Proofpoint’s 2016 report looking at social media brand fraud found that 19% of the accounts connected to a selection of 10 big brands turned out to be fraudulent. Nobody in the security world would have been surprised by this finding but it’s astonishing nonetheless. In an age when brands are hyper-sensitive to their image, when it comes to social media it’s as if anything goes. In the absence of clear systems for authenticating anyone or anything, the criminals can more or less do what they like.
But while many organisations underestimate the scale of this threat they aren’t defenceless.
“Once we show customers that their presence is in multiple places they didn’t know about you can’t not act on it,” says Rider.
“You can shut down some of those social presences that aren’t real. You start the process of taking control of your social presence.”
In response, the company launched Social Media Protection, a platform designed to gather intelligence on fraudulent and spam accounts as well as ones being used by employees without authorisation.
And the issue expands beyond simple fraud.
“How much information can you gather about an influential person in a bank by going to their LinkedIn profile? You can quickly gather information on their friends which provides the information to spearphish.

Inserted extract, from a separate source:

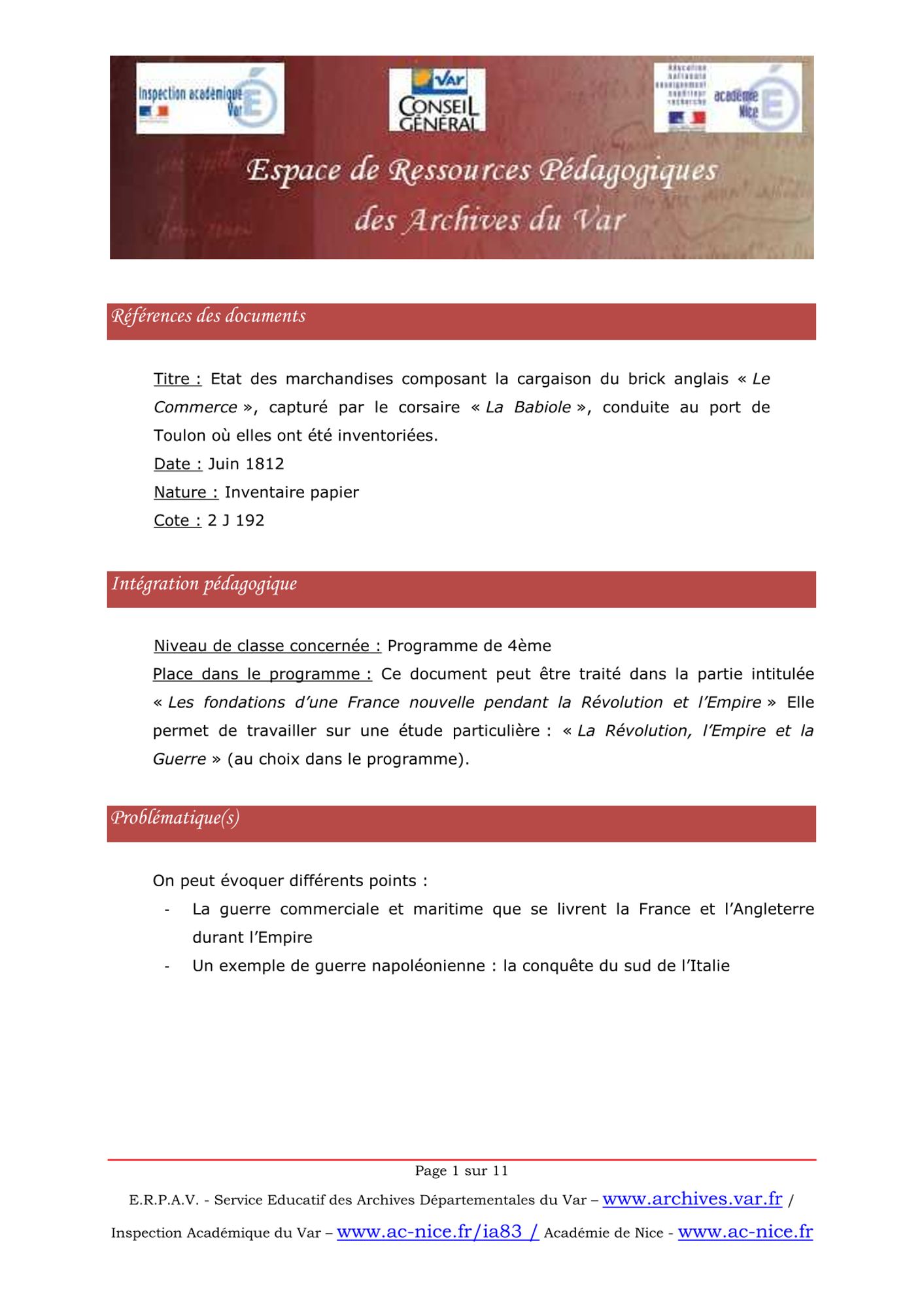 Ce document permet d’évoquer un exemple de la guerre économique que se livrent France et Angleterre par le biais de la guerre de course. On peut aussi travailler sur un exemple de conquête napoléonienne car les effets militaires capturés sur le brick anglais devait servir aux troupes anglaises stationnées en Calabre et Sicile en lutte avec les troupes françaises.

“It’s not difficult to build a picture of an individual and then target that person.”
Anticipating an attack
Another development has been the rise of threat intelligence.
This sounds logical – the idea is undergoing a boom across the industry – but it heralds a huge cultural shift in cybersecurity that not everyone has picked up on.
“You need to know the origin and type of the attack. Are you being targeted as an individual, is it industry-wide? The more you know you know about an attack the better you can prepare.”
Hitherto, cybersecurity has become about deploying static systems to detect and block attacks in real time. Threat intelligence holds out the possibility of researching them before they happen, a radically new approach to security.
The trick is knowing what to look for and how to feed data to cybersecurity teams without over-loading them with information.
To this end, Proofpoint recently partnered with Palo Alto to embed its intelligence inside the latter’s next-generation firewall platform.
“The smart customer will demand that companies will work with each other,” observes Rider.
“Being cloud based we are able to gather information from our customers very quickly, anticipating where attacks are coming from.”
This hints at a world in which network security is increasingly about hardening security on-the-fly, bracing for attacks that have been predicted or at least risk-scored. The industry isn’t at that level yet but you can see from Rider’s enthusiastic description how Proofpoint technology could evolve in step with its demands.
After a quarter of a century in the technology industry, Rider finds himself at the sharp end but seems confident about the prospect.
“We are quite happy to be judged on proof of concept. We ask our customers to let us prove it to them.”
“Put us behind your incumbent and we’ll show you what they let through. We’re happy to be judged on results.”
Gary Rider joined Proofpoint in 2014 as vice president of Sales, EMEA. He leads the EMEA management team in developing and executing strategies while driving aggressive revenue and market-share growth in the theatre. With more than 20 years of leadership experience, Rider joined Proofpoint from Polycom, where he served as President for EMEA. Prior to Polycom, he held several senior roles in EMEA with NCR Corporation, StorageTek, HP and Digital Equipment.
Mr. Rider holds an MBA from the Henley Business School, University of Reading.